Directed by M. Night Shyamalan.
Written by M. Night Shyamalan. 
Starring Mel Gibson and Joaquin Phoenix.
Release Year:  2002 
Review Date:  8/4/02

As much as I tried, I couldn’t write this review without giving some things about “Signs” away.  So, I would recommend reading this review after you have seen the film.


Folks--

There is a great movie moment halfway through the new Mel Gibson film “Signs.”  His character, a former reverend, is walking into the kitchen of a house where there might be an alien life form behind a boarded pantry door.  He hears something walking around inside the pantry, and he is apprehensive...but, he takes a deep breath and walks right up to the door, where he sees the shadow of something inside the pantry stop moving.  He looks over at the counter—there’s a knife there, so he picks it up and looks at it...sees his own reflection...and uses it to see if he can see what is inside the pantry.

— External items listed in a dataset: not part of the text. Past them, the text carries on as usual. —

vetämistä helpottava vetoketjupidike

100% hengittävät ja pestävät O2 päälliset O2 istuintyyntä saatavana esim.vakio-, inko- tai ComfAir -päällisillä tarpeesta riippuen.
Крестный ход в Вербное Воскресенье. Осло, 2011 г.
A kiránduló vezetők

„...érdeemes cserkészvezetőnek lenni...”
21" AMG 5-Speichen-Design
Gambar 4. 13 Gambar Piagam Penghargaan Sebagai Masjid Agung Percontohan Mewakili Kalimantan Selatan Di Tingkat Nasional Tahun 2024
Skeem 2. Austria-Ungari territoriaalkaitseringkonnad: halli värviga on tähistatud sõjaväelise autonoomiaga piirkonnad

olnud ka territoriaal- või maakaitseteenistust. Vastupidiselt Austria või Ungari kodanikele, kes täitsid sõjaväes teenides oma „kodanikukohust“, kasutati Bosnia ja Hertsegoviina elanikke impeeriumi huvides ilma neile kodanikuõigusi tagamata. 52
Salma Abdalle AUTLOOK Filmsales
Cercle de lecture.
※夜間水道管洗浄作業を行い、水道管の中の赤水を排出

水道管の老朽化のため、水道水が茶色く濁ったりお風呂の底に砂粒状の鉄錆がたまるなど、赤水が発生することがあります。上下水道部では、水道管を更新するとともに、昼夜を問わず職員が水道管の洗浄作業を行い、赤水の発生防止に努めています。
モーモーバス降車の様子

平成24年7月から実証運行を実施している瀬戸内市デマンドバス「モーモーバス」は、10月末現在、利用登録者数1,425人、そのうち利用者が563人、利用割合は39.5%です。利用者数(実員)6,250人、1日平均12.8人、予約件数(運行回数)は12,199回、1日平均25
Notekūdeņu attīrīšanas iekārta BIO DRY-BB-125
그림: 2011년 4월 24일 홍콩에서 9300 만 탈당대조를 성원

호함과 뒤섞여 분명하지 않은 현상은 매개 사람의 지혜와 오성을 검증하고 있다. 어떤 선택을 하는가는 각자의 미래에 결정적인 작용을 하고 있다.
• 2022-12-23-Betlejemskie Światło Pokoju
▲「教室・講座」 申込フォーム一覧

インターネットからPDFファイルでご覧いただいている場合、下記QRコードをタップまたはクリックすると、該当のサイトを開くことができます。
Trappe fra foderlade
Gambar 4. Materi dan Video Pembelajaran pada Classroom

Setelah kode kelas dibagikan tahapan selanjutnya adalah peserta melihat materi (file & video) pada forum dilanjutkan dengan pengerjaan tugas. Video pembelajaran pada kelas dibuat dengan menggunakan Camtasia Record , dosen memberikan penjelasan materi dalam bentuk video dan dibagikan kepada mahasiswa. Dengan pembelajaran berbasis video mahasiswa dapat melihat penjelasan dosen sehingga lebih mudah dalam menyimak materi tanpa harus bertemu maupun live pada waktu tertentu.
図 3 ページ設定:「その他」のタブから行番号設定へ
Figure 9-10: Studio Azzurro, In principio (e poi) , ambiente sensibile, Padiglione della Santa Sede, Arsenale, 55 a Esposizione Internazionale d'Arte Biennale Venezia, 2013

Now, you just KNOW that he is going to see something.  And, you know that you are going to get the shit scared out of you.  Even though you are trying as hard as you can to not admit it, you can barely breathe...and then, it happens.  A legitimate, everyone-in-your-theater-is-screaming scream.  You just can’t beat the feeling.

Following the lead of many other strong studio films, “Signs” does not disappoint.  In fact, the biggest surprise about M. Night Shyamalan’s film is that it is just a great classic alien film.  When you get out of the theater, you walk out and say “I was waiting for the surprise the whole time!”

And, there isn’t one.  If you have seen the director’s former Best Picture nominee “The Sixth Sense”, or his supernatural comic book tale “Unbreakable”, you spend much of “Signs” waiting, and waiting, and waiting...for something to not be what it seems.  Instead, Shyamalan just imagines a world where alien life forms really might come to Earth and try to take over, and the reactions of these people are what lend “Signs” much of its excitement.  Would it really be the end of the world?  That’s what a small-town Pennsylvania crop farmer (Gibson), his two kids Morgan (Rory Culkin) and Bo (Abigail Breslin), and the farmer’s brother Merrill (Joaquin Phoenix) start to believe, and it just gets your mind whirring about what it might be like to be faced with the prospects that aliens, Martians, or the Predator might try to take over your home.  Some of it is pretty humorous...but, most of it is downright scary.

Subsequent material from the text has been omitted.